_What you should do_
Print exactly the lines below between the line containing "قدمت رئيسة وزراء" and the line containing "Border Collie, Tricolour, with", counting both of those lines. Leave pictures out.

_Exercise data_
-------------------------
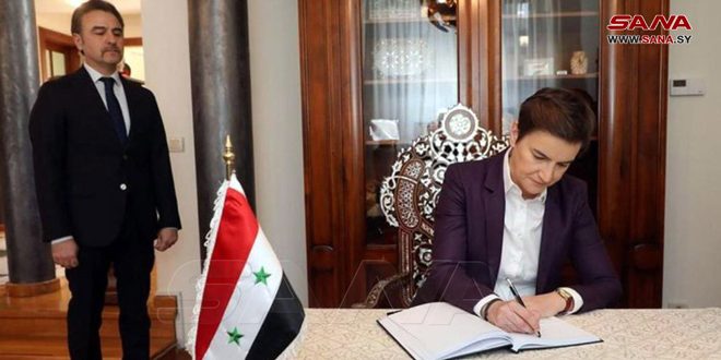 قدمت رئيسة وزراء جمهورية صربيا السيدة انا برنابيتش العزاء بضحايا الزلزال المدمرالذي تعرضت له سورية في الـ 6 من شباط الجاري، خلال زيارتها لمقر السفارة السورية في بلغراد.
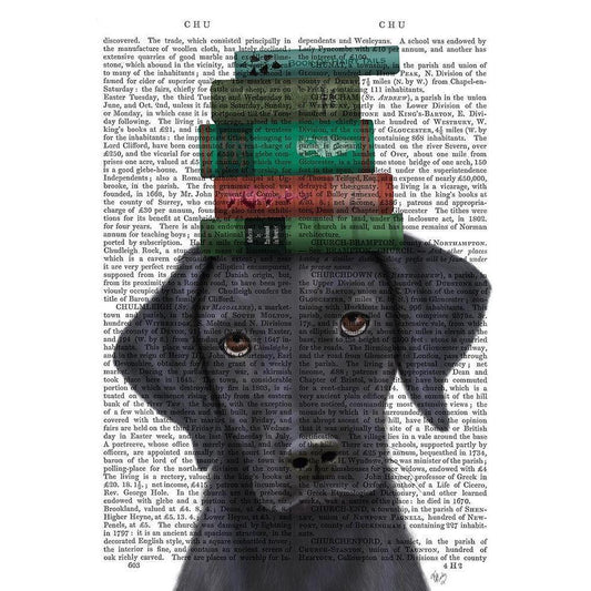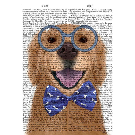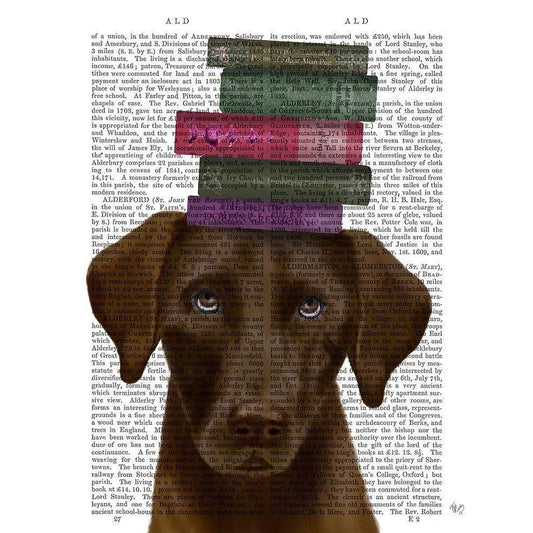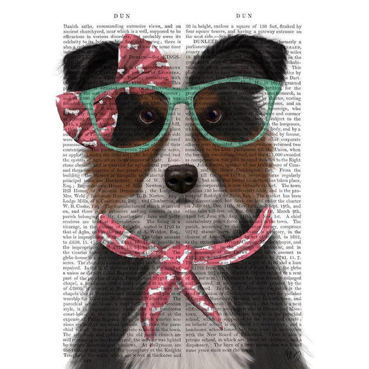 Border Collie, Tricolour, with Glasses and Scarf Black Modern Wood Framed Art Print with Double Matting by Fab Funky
-------------------------
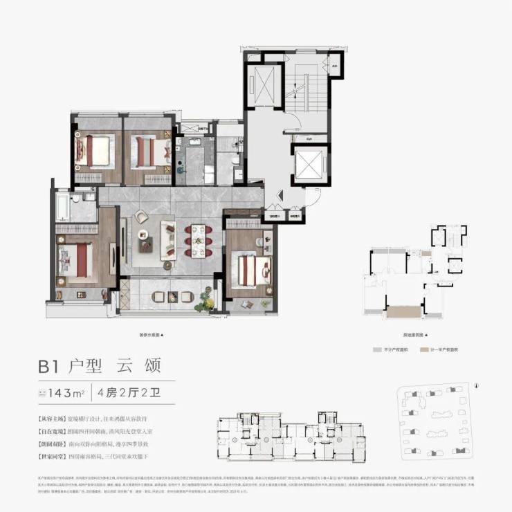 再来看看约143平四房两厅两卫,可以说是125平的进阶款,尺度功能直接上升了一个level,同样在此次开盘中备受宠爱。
-------------------------
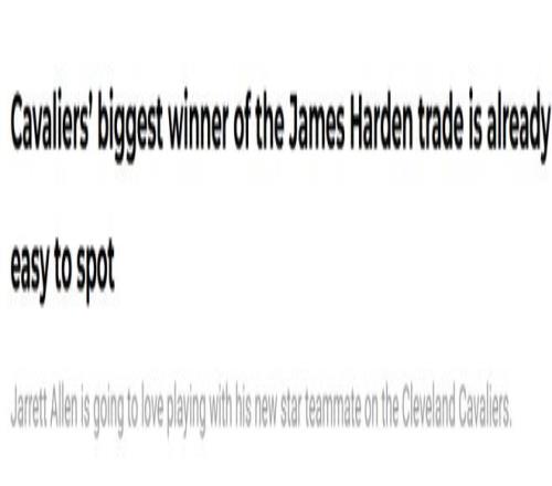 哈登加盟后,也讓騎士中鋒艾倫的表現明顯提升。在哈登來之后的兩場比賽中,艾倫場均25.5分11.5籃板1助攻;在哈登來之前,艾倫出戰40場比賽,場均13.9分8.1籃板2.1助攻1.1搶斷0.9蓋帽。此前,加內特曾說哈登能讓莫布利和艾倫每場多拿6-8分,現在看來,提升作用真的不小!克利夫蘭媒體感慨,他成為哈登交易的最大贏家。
-------------------------
_Reply to the exercise_
 قدمت رئيسة وزراء جمهورية صربيا السيدة انا برنابيتش العزاء بضحايا الزلزال المدمرالذي تعرضت له سورية في الـ 6 من شباط الجاري، خلال زيارتها لمقر السفارة السورية في بلغراد.
 Border Collie, Tricolour, with Glasses and Scarf Black Modern Wood Framed Art Print with Double Matting by Fab Funky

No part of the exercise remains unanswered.